- Episode no.: Season 1 Episode 1
- Directed by: Justin Roiland
- Written by: Dan Harmon; Justin Roiland;
- Original air date: December 2, 2013

Episode chronology
| ← Previous — | Next → "Lawnmower Dog" |
- Rick and Morty (season 1)

= Pilot (Rick and Morty) =

Pilot episode of Rick and Morty

The pilot episode of the American animated television sitcom Rick and Morty was written by series creators Dan Harmon and Justin Roiland, and directed by Justin Roiland. The episode premiered on Adult Swim on December 2, 2013. The series introduces the series' protagonist protagonists—alcoholic scientist Rick Sanchez and his innocent teenage grandson Morty Smith—as they embark on a dangerous interdimensional adventure to fetch Mega Tree seeds. The pilot had a positive reception and was seen by about 1.1 million viewers when it premiered.

== Plot ==
In the opening scene, a blackout-drunk Rick wakes up Morty and brings him on a journey in his newly built flying vehicle; having made a neutrino bomb, Rick offers to destroy humanity and allow Morty and his crush Jessica to serve as the new "Adam and Eve"; after Morty forces Rick to land the vehicle, Rick says it was all a test to get Morty to act more assertive, before passing out, leaving Morty to defuse the bomb.

The following day, Morty's parents Jerry and Beth Smith, believing Rick (who has been living with the Smith family for the past year after having abandoned his adult daughter Beth for the last twenty years) to be a bad influence on Morty, contemplate having Rick put in a nursing home, while Rick takes Morty out of school on an adventure to another dimension ("Dimension 35-C"), which has the perfect conditions for growing "Mega Trees", which bear "Mega Fruit" holding "Mega Seeds", which Rick requires for his research. To get past intergalactic customs, Morty hides the Mega Tree seeds in his rectum, but when their cover is blown, Rick and Morty escape while engaging in a shootout with bureaucratic alien insects.

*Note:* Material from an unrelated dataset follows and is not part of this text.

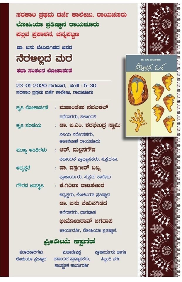 ಸರಕಾರಿ ಪ್ರಥಮ ದರ್ಜೆ ಕಾಲೇಜು , ರಾಯಚೂರು ಲೋಹಿಯಾ ಪ್ರತಿಷ್ಠಾನ ರಾಯಚೂರು ಪಲ್ಲವ ಪ್ರಕಾಶನ , ಚನ್ನಪಟ್ಟಣ. ಡಾ . ಬಸು ಬೇವಿನಗಿಡದ ಅವರ ನೆರಳಿಲ್ಲದ ಮರ, ಕಥಾ ಸಂಕಲನ ಲೋಕಾರ್ಪಣೆ ೨೩/೦೧/೨೦೨೦ ಗುರುವಾರ , ಸಂಜೆ : ೫.೩೦ ಸರಕಾರಿ ಪ್ರಥಮ ದರ್ಜೆ ಕಾಲೇಜು , ರಾಯಚೂರು ಕೃತಿ ಲೋಕಾರ್ಪಣೆ : ಮಹಾಂತೇಶ ನವಲಕಲ್ ಕಥೆಗಾರರು , ಕಲಬುರಗಿ ಕೃತಿ ಪರಿಚಯ : ಡಾ . ಬಿ . ಎಂ . ಶರಭೇಂದ್ರ ಸ್ವಾಮಿ ನಿಲಯ ನಿರ್ದೇಶಕರು , ಆಕಾಶವಾಣಿ ರಾಯಚೂರು ಮುಖ್ಯ ಅತಿಥಿಗಳು : ಆರ್ . ಮಲ್ಲನಗೌಡ ಸಹಾಯಕ ಪ್ರಾಧ್ಯಾಪಕರು , ಸ . ಪ್ರ . ದ . ಕಾ . ಅಧ್ಯಕ್ಷತೆ : ಡಾ . ದಸ್ತಗೀರ್ ದಿನ್ನಿ ಪ್ರಾಚಾರ್ಯರು , ಸ . ಪ್ರ . ದ . ಕಾಲೇಜು ಗೌರವ ಉಪಸ್ಥಿತಿ : ಕೆ . ಗಿರಿಜಾ ರಾಜಶೇಖರ ಅಧ್ಯಕ್ಷರು , ಲೋಹಿಯಾ ಪ್ರತಿಷ್ಠಾನ ಡಾ . ಬಸು ಬೇವಿನಗಿಡದ ಕಥೆಗಾರರು , ಧಾರವಾಡ ಭೀಮೋಜಿರಾವ್ ಜಗತಾಪ ಕಾರ್ಯದರ್ಶಿ , ಲೋಹಿಯಾ ಪ್ರತಿಷ್ಠಾನ .

Meanwhile, after being called into school in response to Morty's absences, Jerry and Beth discover that Morty has missed a semester of school in the time that he has spent on adventures with Rick, for a total of seven hours attended over a two-month period, and decide to begin moving Rick's possessions from their garage into a moving van to go to a nursing home. As Rick and Morty return, Rick begins to argue with Jerry and Beth about the merits of taking Morty on adventures with him, before having him state the square root of pi and the first law of thermodynamics, both of which he immediately and correctly recites, both to his own and his parents' shock. Rick tells Jerry and Beth that later in his own life, Morty will be doing amazing things as a result of their adventures, satisfying them both as they leave to reconnect. After Morty comments on his surprise intelligence, Rick reveals that his knowledge was as a result of the Mega Seeds he had in his rectum, having planned the adventure to convince Jerry and Beth to allow them to go on further adventures, and that the seeds' after-effects will leaving him writhing on the floor for the next few hours. As Morty begins writhing, Rick informs his grandson that they will need to go back and get more, before going into a nonsensical rant that they will be going on lots of more crazy adventures, promising "Rick and Morty, forever and ever, a hundred years, Rick and Morty..."

==Reception==
Zach Handlen of The A.V. Club gave the shows episode a B+ rating, stating that "[the viewer is] never allowed to forget the dark implications of Rick’s ambitions. Which means there are still stakes, which makes the jokes funnier and keeps the stories interesting." Jason Tabrys of Screen Rant was overall positive in his review of the episode, drawing comparisons to Doctor Who and The Hitchhiker's Guide to the Galaxy, some of Harmon's inspirations.